▶ **Work to be completed**
Your output should be the lines below from the one with "Rhodri Davies is" through the one with "KILNERの保存瓶は、食材", copied exactly, pictures excluded.

▶ **Data for this exercise**

• • •

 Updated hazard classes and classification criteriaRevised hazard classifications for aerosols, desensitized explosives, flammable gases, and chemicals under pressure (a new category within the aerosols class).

• • •

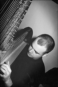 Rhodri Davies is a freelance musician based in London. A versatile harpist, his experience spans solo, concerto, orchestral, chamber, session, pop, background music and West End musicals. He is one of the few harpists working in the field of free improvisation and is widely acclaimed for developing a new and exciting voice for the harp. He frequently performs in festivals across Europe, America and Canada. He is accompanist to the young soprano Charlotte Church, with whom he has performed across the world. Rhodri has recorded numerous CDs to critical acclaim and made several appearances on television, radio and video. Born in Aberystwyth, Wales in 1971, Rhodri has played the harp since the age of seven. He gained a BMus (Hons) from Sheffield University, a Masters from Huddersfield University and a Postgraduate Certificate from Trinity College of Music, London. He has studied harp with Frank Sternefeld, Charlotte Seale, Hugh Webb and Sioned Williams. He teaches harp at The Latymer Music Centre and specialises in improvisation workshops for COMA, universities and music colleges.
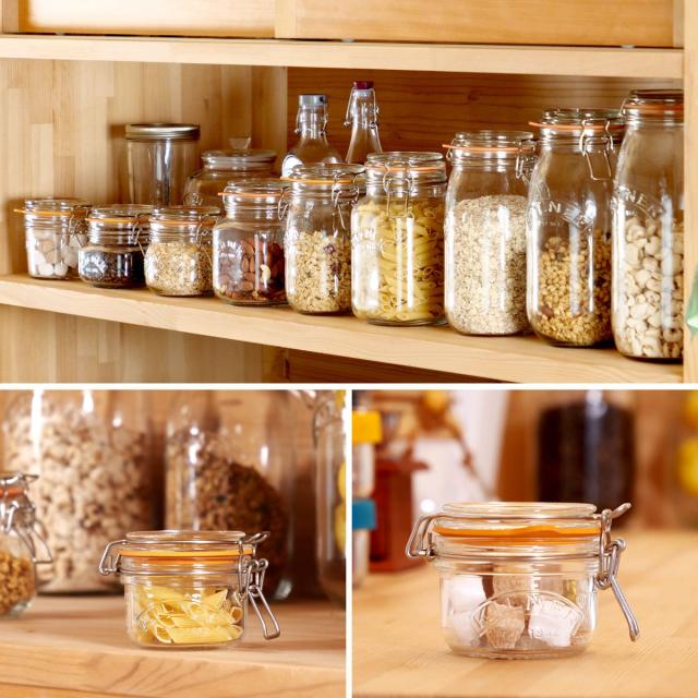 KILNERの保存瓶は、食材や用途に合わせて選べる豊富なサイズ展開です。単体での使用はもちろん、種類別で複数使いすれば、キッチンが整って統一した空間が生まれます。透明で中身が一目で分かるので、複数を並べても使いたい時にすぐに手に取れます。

• • •

▶ **Task solution**
 Rhodri Davies is a freelance musician based in London. A versatile harpist, his experience spans solo, concerto, orchestral, chamber, session, pop, background music and West End musicals. He is one of the few harpists working in the field of free improvisation and is widely acclaimed for developing a new and exciting voice for the harp. He frequently performs in festivals across Europe, America and Canada. He is accompanist to the young soprano Charlotte Church, with whom he has performed across the world. Rhodri has recorded numerous CDs to critical acclaim and made several appearances on television, radio and video. Born in Aberystwyth, Wales in 1971, Rhodri has played the harp since the age of seven. He gained a BMus (Hons) from Sheffield University, a Masters from Huddersfield University and a Postgraduate Certificate from Trinity College of Music, London. He has studied harp with Frank Sternefeld, Charlotte Seale, Hugh Webb and Sioned Williams. He teaches harp at The Latymer Music Centre and specialises in improvisation workshops for COMA, universities and music colleges.
 KILNERの保存瓶は、食材や用途に合わせて選べる豊富なサイズ展開です。単体での使用はもちろん、種類別で複数使いすれば、キッチンが整って統一した空間が生まれます。透明で中身が一目で分かるので、複数を並べても使いたい時にすぐに手に取れます。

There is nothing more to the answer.